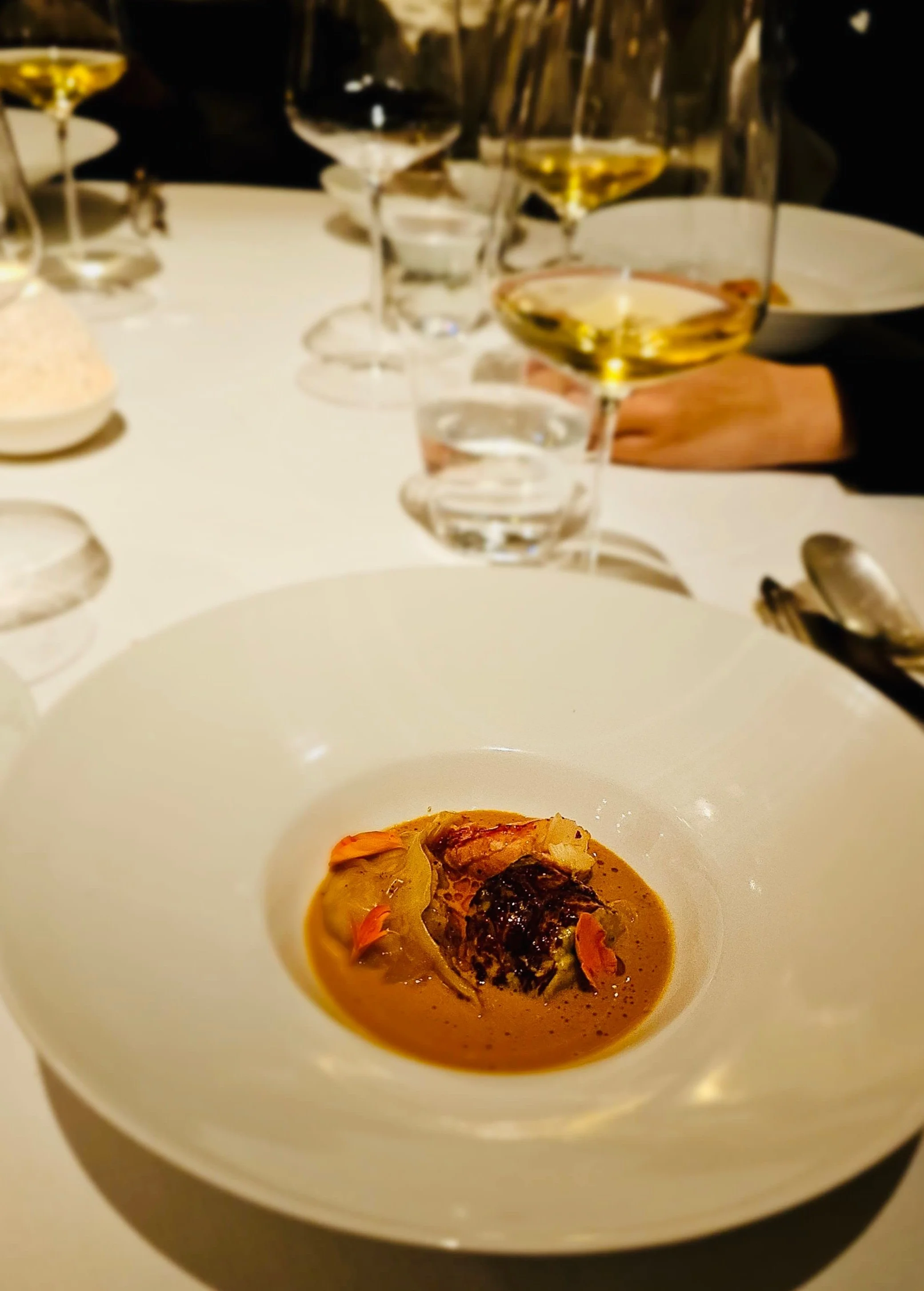 But the moment I’ll carry? The Breton blue lobster. Poached in butter, its tail nestled beside delicate gyoza filled with a silky lobster mousse. Deep in flavor, but never overpowering. The same richness returned in a sauce touched with kimchi, bringing just enough warmth to lift the whole plate. It was both clever and comforting, like someone told a childhood story in another language, and you still understood every word.
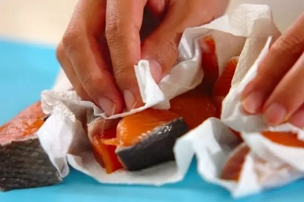 ・鮭はひとくち大に切り、塩を振る。
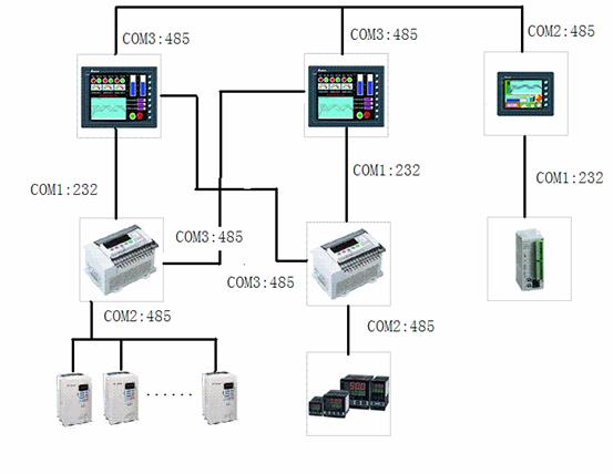 利用台达人机有一个非常的特点就是有三个通讯口且两个通讯口可以RS232、RS485、RS422进行随意配置,且每个通讯口都是互相独立的。这样就可以利用每一个人机的一个通讯口(此例中采用人机的COM3 设置为RS485通讯格式 7 E 1 9600)连接起来,进行通讯,主机通讯协议采用(MODBUS MASTER),而从机采用(MODBUS SLAVE)。而人机间数据的交换必须采用宏程序来实现。
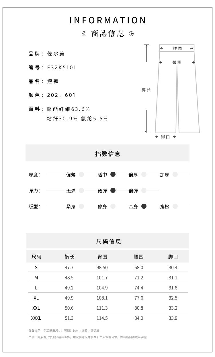 佐尔美夏季新款 时尚休闲百搭五分裤女E32K5101
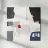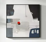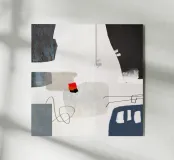 Composizione astratta con varie forme e linee geometriche. In particolare, un rettangolo blu con quadrati bianchi si trova vicino a una forma grigia traslucida accentuata di rosso. Una forma blu scuro dalla texture ruvida occupa la parte superiore sinistra. Lo sfondo è bianco sporco con sottili texture grigie.
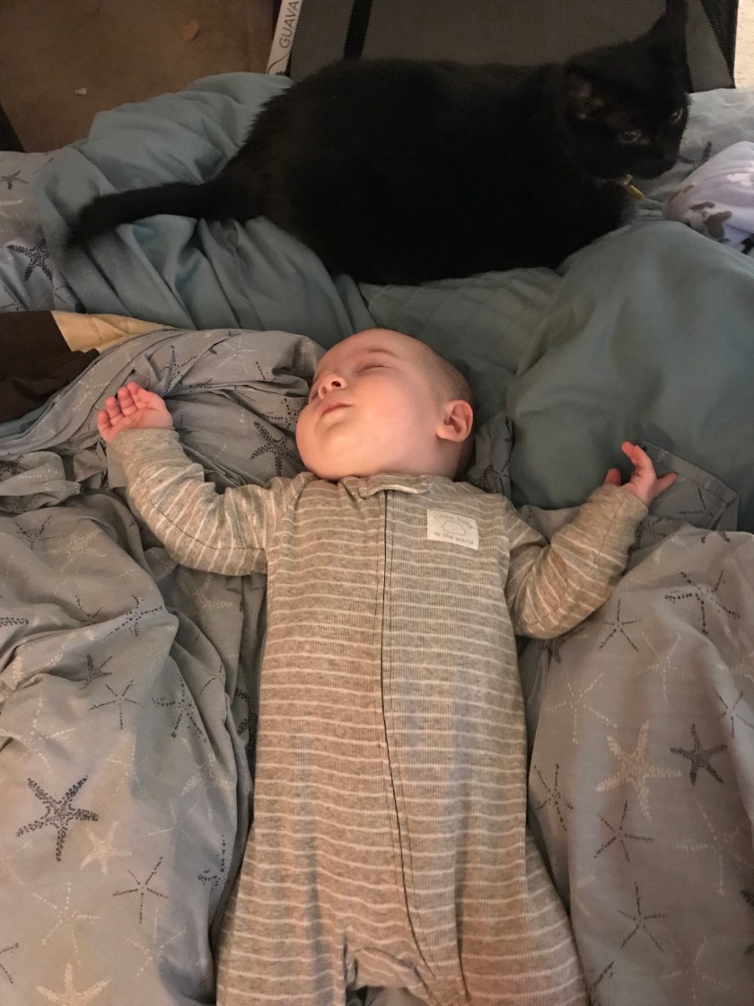 Although he isn’t allowed to sleep in a bed per se, occasionally he will fall asleep while playing with us on a bed. Here Inky is guarding him.
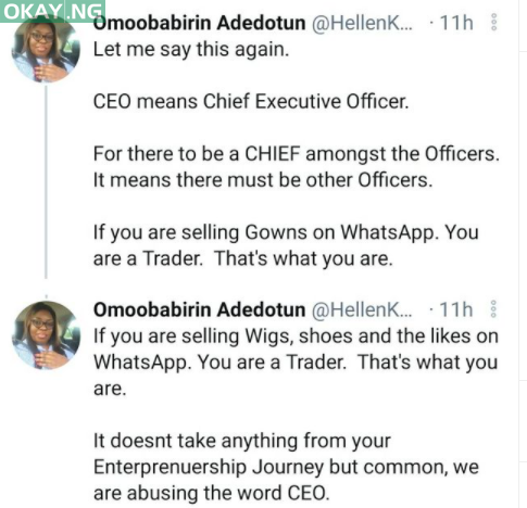 She said, if you’re selling wig or bags on Instagram or Whatsapp group, that doesn’t make you a CEO of a company, rather you’re a trader.
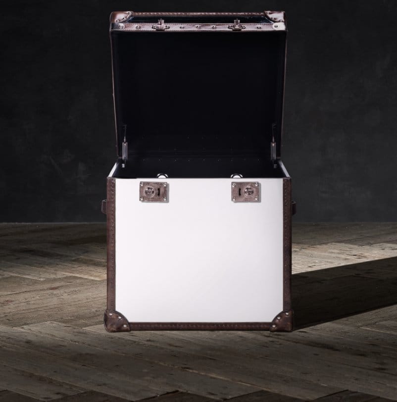 A larger version of our London trunk, White Star is similarly inspired by the charm and romance of a past era of long, luxurious, sea voyages. Embodying the traditional detailing and craftsmanship that defines every trunk collection, the White Star Trunk features the finest sprung locks, hand-finished solid wood trims, and hand-applied studs. The piece is infused with a contemporary edge through its fabrication and finishing – from hand-painted leather and cowhide to brushed steel and distressed glass.
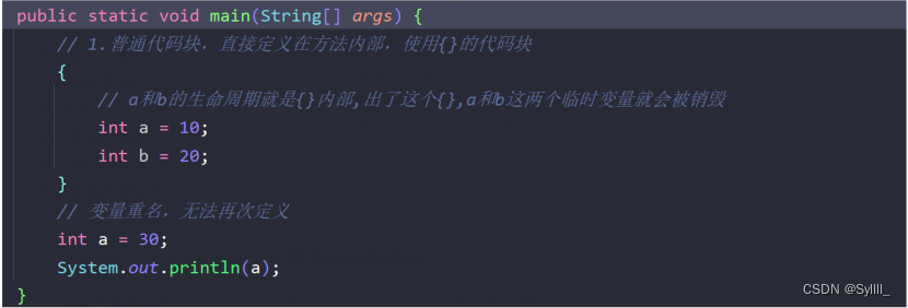 代码块的定义为:使用{}定义的一段代码称之为代码块,根据代码块出现的位置以及关键字的不同,分为以下4种代码块,1.普通代码块:直接定义在方法内部,不加人数修饰符定义的代码,可以解决变量重名问题,代码如下:
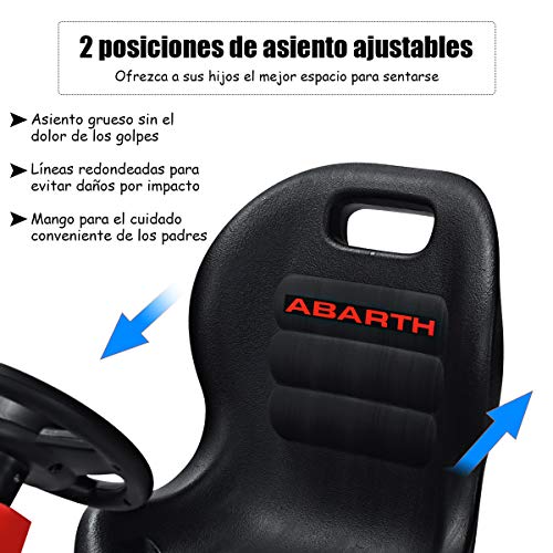 【Asiento ajustable】 Nuestro go kart de pedal fue diseñado desde un punto de vista ergonómico para una mayor comodidad. El asiento, que está equipado con respaldo alta, se puede ajustar según el tipo de necesidades y uso.Ofrece una posición sentada muy cómodo por largos períodos de tiempo sentados.
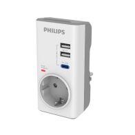 Το πολύπριζο ασφαλείας είναι σχεδιασμένο για να τροφοδοτείτε με ασφάλεια τις σημαντικές συσκευές σας με ρεύμα. Τις προστατεύει από υπερτάσεις και άλλες ανωμαλίες του δικτύου του ρεύματος με το κύκλωμα Power Blocker. Μπορεί να παρέχει έως και 900 Joules. Η Philips σας εγγυάται ότι θα προστατέψει τις συσκευές που τροφοδοτείτε από αυτό το πολύπριζο ασφαλείας και σας παρέχει εγγύηση έως και 50.000 € για οποιαδήποτε ζημιά γίνει στις συσκευές σας από υπέρταση. Διαθέτει διακόπτη λειτουργίας, ώστε να αποσυνδέετε τις συσκευές σας από το ρεύμα με μια κίνηση και να εξοικονομείτε ρεύμα όταν δεν τις χρησιμοποιείτε. Διαθέτει 1 USB Type-C με έξοδο 15 W και 4 USB Type-A με συνολική έξοδο 20 W για να φορτίζετε γρήγορα τις συσκευές σας χωρίς επιπλέον φορτιστές.

+ + + +

▸ **Aim of the exercise**: Make a word-for-word copy of the entries, without any pictures.

▸ **Task response**:
 But the moment I’ll carry? The Breton blue lobster. Poached in butter, its tail nestled beside delicate gyoza filled with a silky lobster mousse. Deep in flavor, but never overpowering. The same richness returned in a sauce touched with kimchi, bringing just enough warmth to lift the whole plate. It was both clever and comforting, like someone told a childhood story in another language, and you still understood every word.
 ・鮭はひとくち大に切り、塩を振る。
 利用台达人机有一个非常的特点就是有三个通讯口且两个通讯口可以RS232、RS485、RS422进行随意配置,且每个通讯口都是互相独立的。这样就可以利用每一个人机的一个通讯口(此例中采用人机的COM3 设置为RS485通讯格式 7 E 1 9600)连接起来,进行通讯,主机通讯协议采用(MODBUS MASTER),而从机采用(MODBUS SLAVE)。而人机间数据的交换必须采用宏程序来实现。
 佐尔美夏季新款 时尚休闲百搭五分裤女E32K5101
 Composizione astratta con varie forme e linee geometriche. In particolare, un rettangolo blu con quadrati bianchi si trova vicino a una forma grigia traslucida accentuata di rosso. Una forma blu scuro dalla texture ruvida occupa la parte superiore sinistra. Lo sfondo è bianco sporco con sottili texture grigie.
 Although he isn’t allowed to sleep in a bed per se, occasionally he will fall asleep while playing with us on a bed. Here Inky is guarding him.
 She said, if you’re selling wig or bags on Instagram or Whatsapp group, that doesn’t make you a CEO of a company, rather you’re a trader.
 A larger version of our London trunk, White Star is similarly inspired by the charm and romance of a past era of long, luxurious, sea voyages. Embodying the traditional detailing and craftsmanship that defines every trunk collection, the White Star Trunk features the finest sprung locks, hand-finished solid wood trims, and hand-applied studs. The piece is infused with a contemporary edge through its fabrication and finishing – from hand-painted leather and cowhide to brushed steel and distressed glass.
 代码块的定义为:使用{}定义的一段代码称之为代码块,根据代码块出现的位置以及关键字的不同,分为以下4种代码块,1.普通代码块:直接定义在方法内部,不加人数修饰符定义的代码,可以解决变量重名问题,代码如下:
 【Asiento ajustable】 Nuestro go kart de pedal fue diseñado desde un punto de vista ergonómico para una mayor comodidad. El asiento, que está equipado con respaldo alta, se puede ajustar según el tipo de necesidades y uso.Ofrece una posición sentada muy cómodo por largos períodos de tiempo sentados.
 Το πολύπριζο ασφαλείας είναι σχεδιασμένο για να τροφοδοτείτε με ασφάλεια τις σημαντικές συσκευές σας με ρεύμα. Τις προστατεύει από υπερτάσεις και άλλες ανωμαλίες του δικτύου του ρεύματος με το κύκλωμα Power Blocker. Μπορεί να παρέχει έως και 900 Joules. Η Philips σας εγγυάται ότι θα προστατέψει τις συσκευές που τροφοδοτείτε από αυτό το πολύπριζο ασφαλείας και σας παρέχει εγγύηση έως και 50.000 € για οποιαδήποτε ζημιά γίνει στις συσκευές σας από υπέρταση. Διαθέτει διακόπτη λειτουργίας, ώστε να αποσυνδέετε τις συσκευές σας από το ρεύμα με μια κίνηση και να εξοικονομείτε ρεύμα όταν δεν τις χρησιμοποιείτε. Διαθέτει 1 USB Type-C με έξοδο 15 W και 4 USB Type-A με συνολική έξοδο 20 W για να φορτίζετε γρήγορα τις συσκευές σας χωρίς επιπλέον φορτιστές.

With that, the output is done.